Since it is undeniable that inferences, in the cases examined by Mr. De Morgan, can legitimately be drawn, and that the ordinary theory takes no account of them, I will not say that it was not worth while to show in detail how these also could be reduced to formulae as rigorous as those of Aristotle. What Mr. De Morgan has done was worth doing once (perhaps more than once, as a school exercise); but I question if its results are worth studying and mastering for any practical purpose.
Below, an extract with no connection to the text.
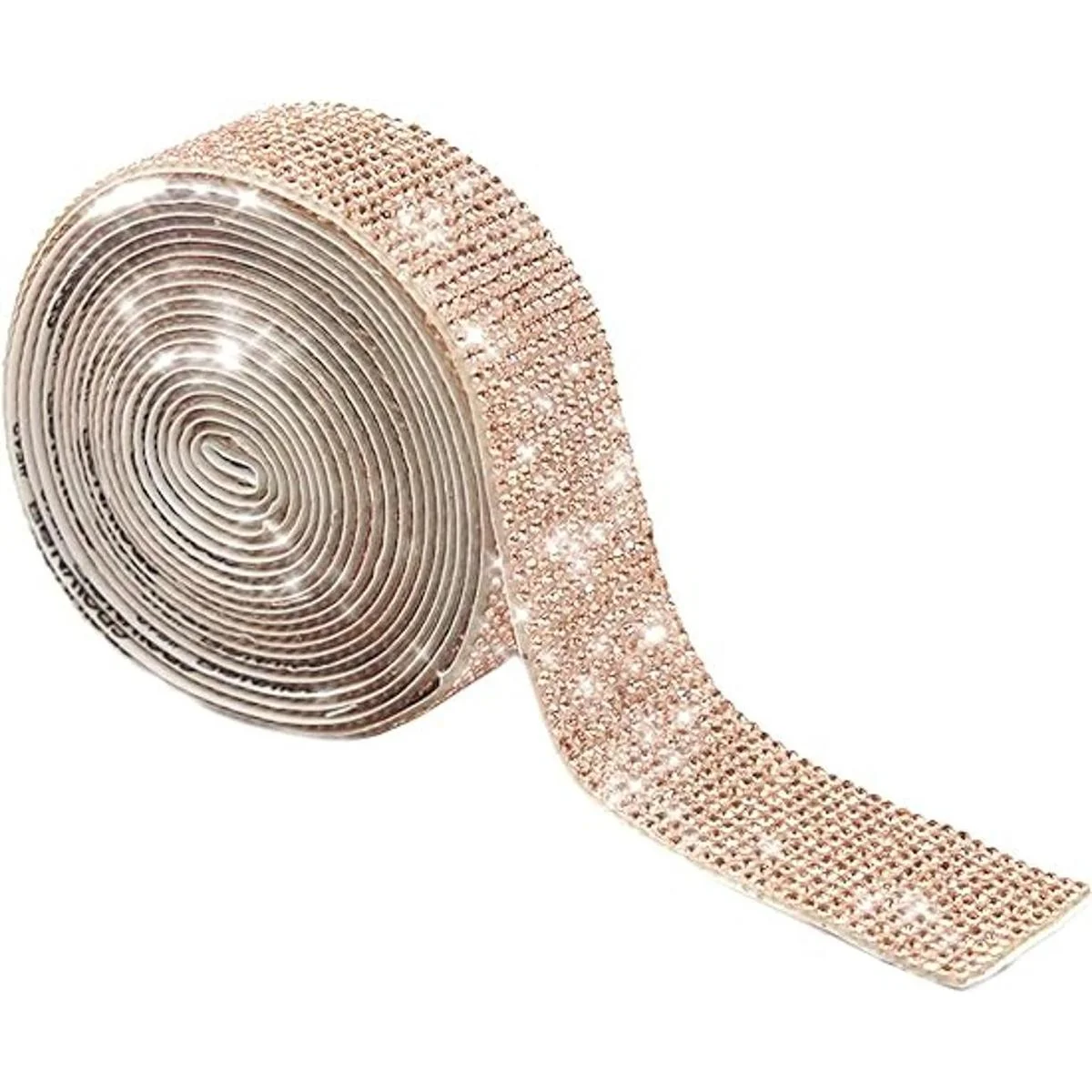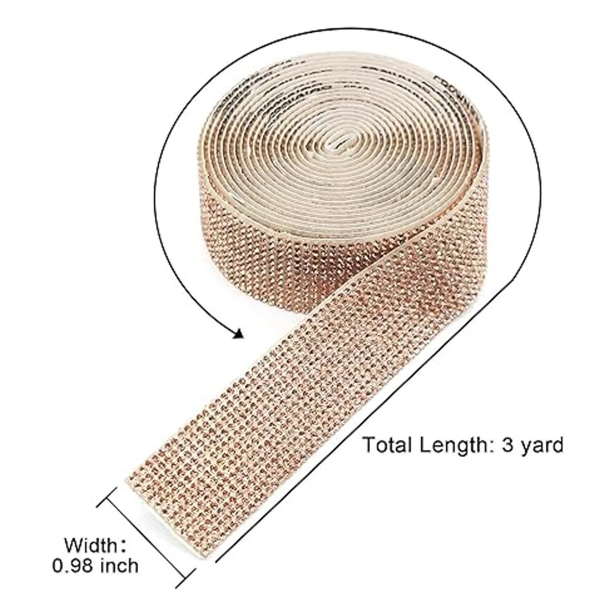 Benvo Cinta autoadhesiva con diamantes de imitación de cristal brillante para decoración de bricolaje con diamantes de imitación de 0.079 in para proyectos de arte del teléfono del coche, tartas de cumpleaños, manualidades 12 filas de 3 yardas

The practical use of technical forms of reasoning is to bar out fallacies: but the fallacies which require to be guarded against in ratiocination properly so called, arise from the incautious use of the common forms of language; and the logician must track the fallacy into that territory, instead of waiting for it on a territory of his own. While he remains among propositions which have acquired the numerical precision of the Calculus of Probabilities, the enemy is left in possession of the only ground on which he can be formidable. The “quantification of the predicate,” an invention to which Sir William Hamilton attaches so much importance as to have raised an angry dispute with Mr. De Morgan respecting its authorship, appears to me, I confess, as an accession to the art of Logic, of singularly small value. It is of course true, that “All men are mortal” is equivalent to “Every man is some mortal.” But as mankind certainly will not be persuaded to “quantify” their predicates in common discourse, they want a logic which will teach them to reason correctly with propositions in the usual form, by furnishing them with a type of ratiocination to which propositions can be referred, retaining that form. Not to mention that the quantification of the predicate, instead of being a means of bringing out more clearly the meaning of the proposition, actually leads the mind out of the proposition, into another order of ideas. For when we say, All men are mortal, we simply mean to affirm the attribute mortality of all men; without thinking at all of the class mortal in the concrete, or troubling ourselves about whether it contains any other beings or not. It is only for some artificial purpose that we ever look at the proposition in the aspect in which the predicate also is thought of as a class-name, either including the subject only, or the subject and something more.

Dr. Whewell (Of Induction p. 84) thinks it unreasonable to contend that we know by experience, that our idea of a line exactly resembles a real line. “It does not appear,” he says, “how we can compare our ideas with the realities, since we know the realities only by our ideas.” We know the realities (I conceive) by our eyes. Dr. Whewell surely does not hold the “doctrine of perception by means of ideas,” which Reid gave himself so much trouble to refute.